While the issue of external requests getting forwarded to the internal zone may have been present, I at least was not seeing any unexpected traffic to public resolvers on port 53 because... I simply didn't have any defined.  I also was not seeing other internal zones not getting forwarded to because... I simply didn't have any defined.

Seems Unbound forwarding is fundamentally broken, and has been. 
"The power of the People is greater than the people in power." - Wael Ghonim

Site 1 | N5105 | 8GB | 256GB | 4x2.5GbE i226-v
Site 2 |  J4125 | 8GB | 256GB | 4x1GbE i225-v

May 21, 2025, 09:44:34 AM #46 Last Edit: May 21, 2025, 09:46:08 AM by Monviech (Cedrik)
So I tested it this morning.

It might be a case of testing the domain resolution wrong, and might be specific to windows clients as suggested before.

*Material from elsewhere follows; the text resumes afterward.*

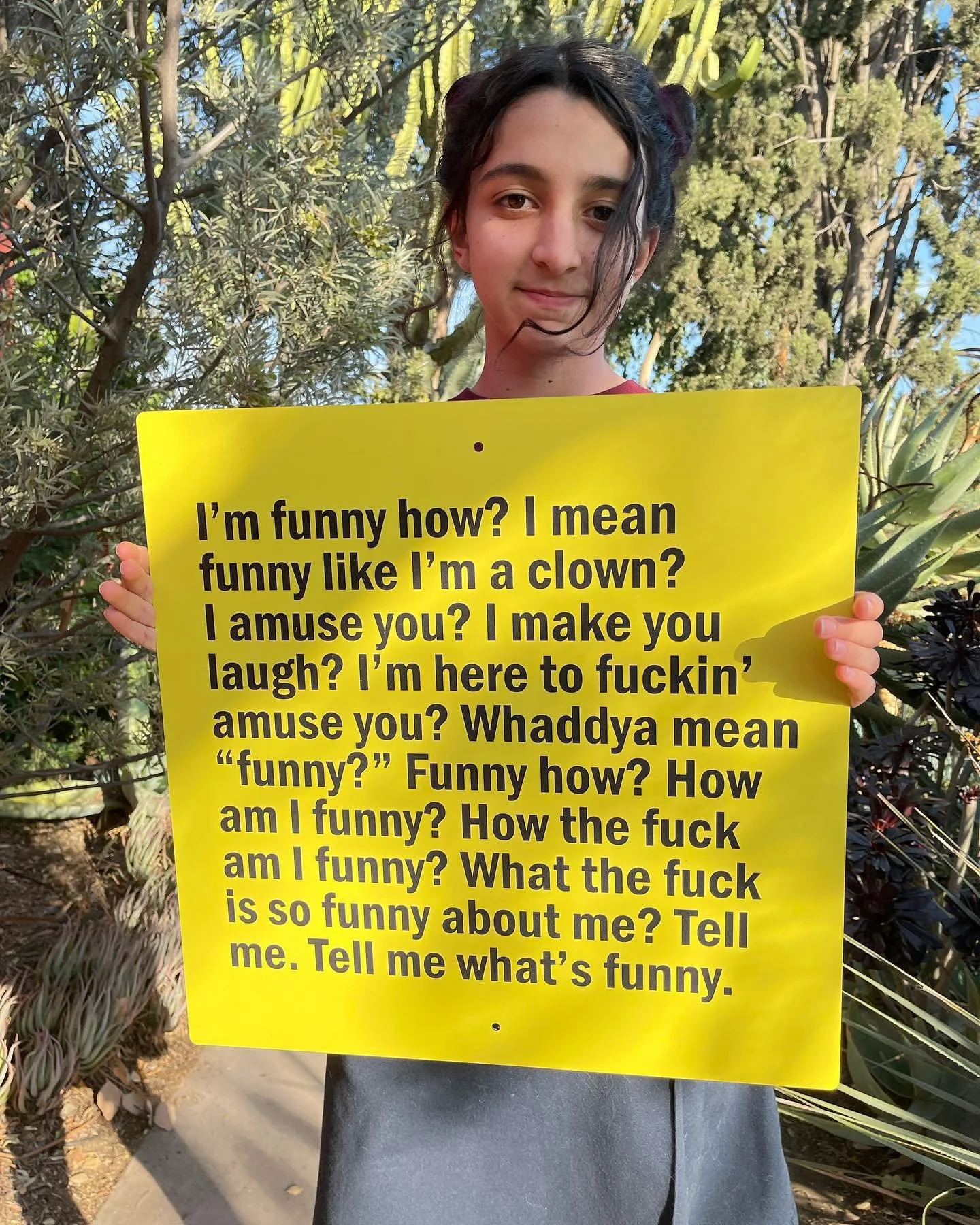 Why Have There Been No Great Italian Artists?, 2021, aluminum sign, 18 in. x 18 in.

When querying with nslookup:

# nslookup opnsense.org

This will append the Domain suffix to the query on the windows client itself, turning it into:

"opnsense.org.lan.internal"

This is seen in the Unbound logs and that is what causes the slow initial resolution (because Unbound tries to indeed forward "lan.internal" to dnsmasq since it has a query forwarding for it, but dnsmasq does not know that hostname so it fails).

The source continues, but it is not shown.